Work request: Repeat, exactly and with no pictures, the lines that run from the beginning of the entries through the line containing "グラウンドでは野球部、サッカ".

Collected data entries:
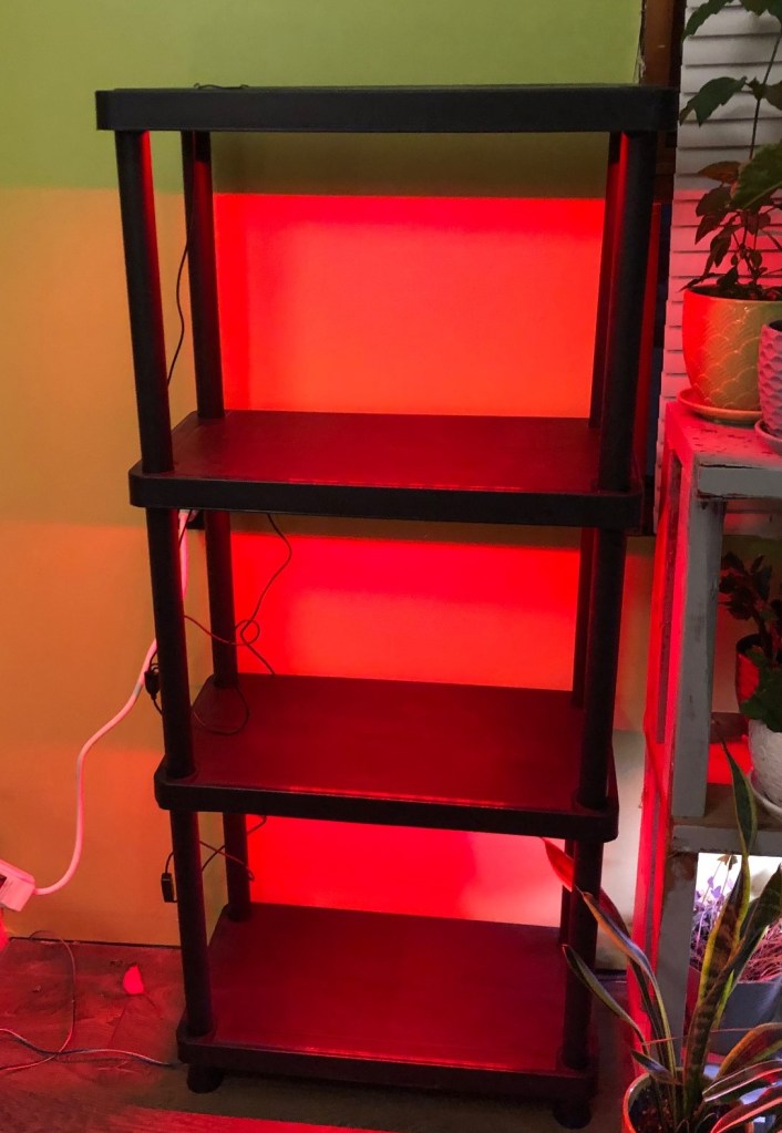 I looked at grow set-ups online, and if you’ve ever done that, you’ll know they can be quite spendy. I knew there had to be a better way to do it. Since what I was looking for was just basically shelves and lights, I decided to buy just that.
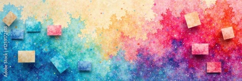 Watercolor background with colorful business cards scattered on it, corporate, business cards, colorful
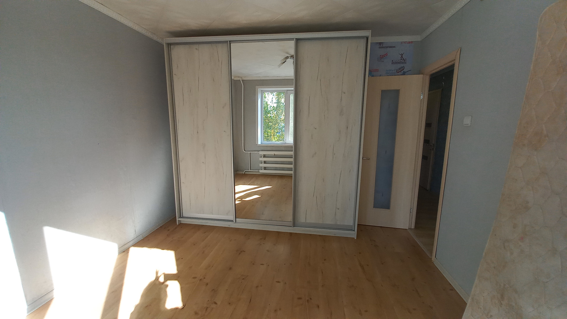 ✅ в спальной комнате установлен шкаф-купе с раздвижными зеркальными дверцами
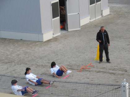 グラウンドでは野球部、サッカー部、陸上競技部がのびのびと活動しています。日暮れが早いので、短期集中です。
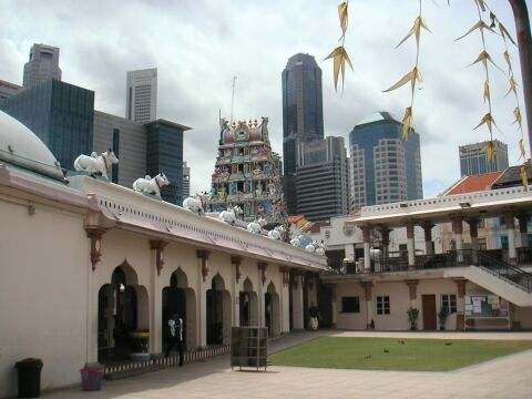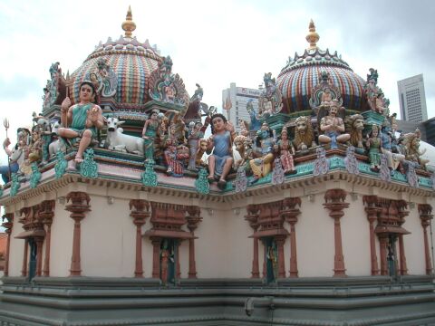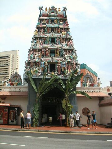 hinduistische Tempel in Singapur. Als wir dort waren, wurde gerade in einer Zeremonie eine Jadestatue gewaschen. |

Output of the task:
 I looked at grow set-ups online, and if you’ve ever done that, you’ll know they can be quite spendy. I knew there had to be a better way to do it. Since what I was looking for was just basically shelves and lights, I decided to buy just that.
 Watercolor background with colorful business cards scattered on it, corporate, business cards, colorful
 ✅ в спальной комнате установлен шкаф-купе с раздвижными зеркальными дверцами
 グラウンドでは野球部、サッカー部、陸上競技部がのびのびと活動しています。日暮れが早いので、短期集中です。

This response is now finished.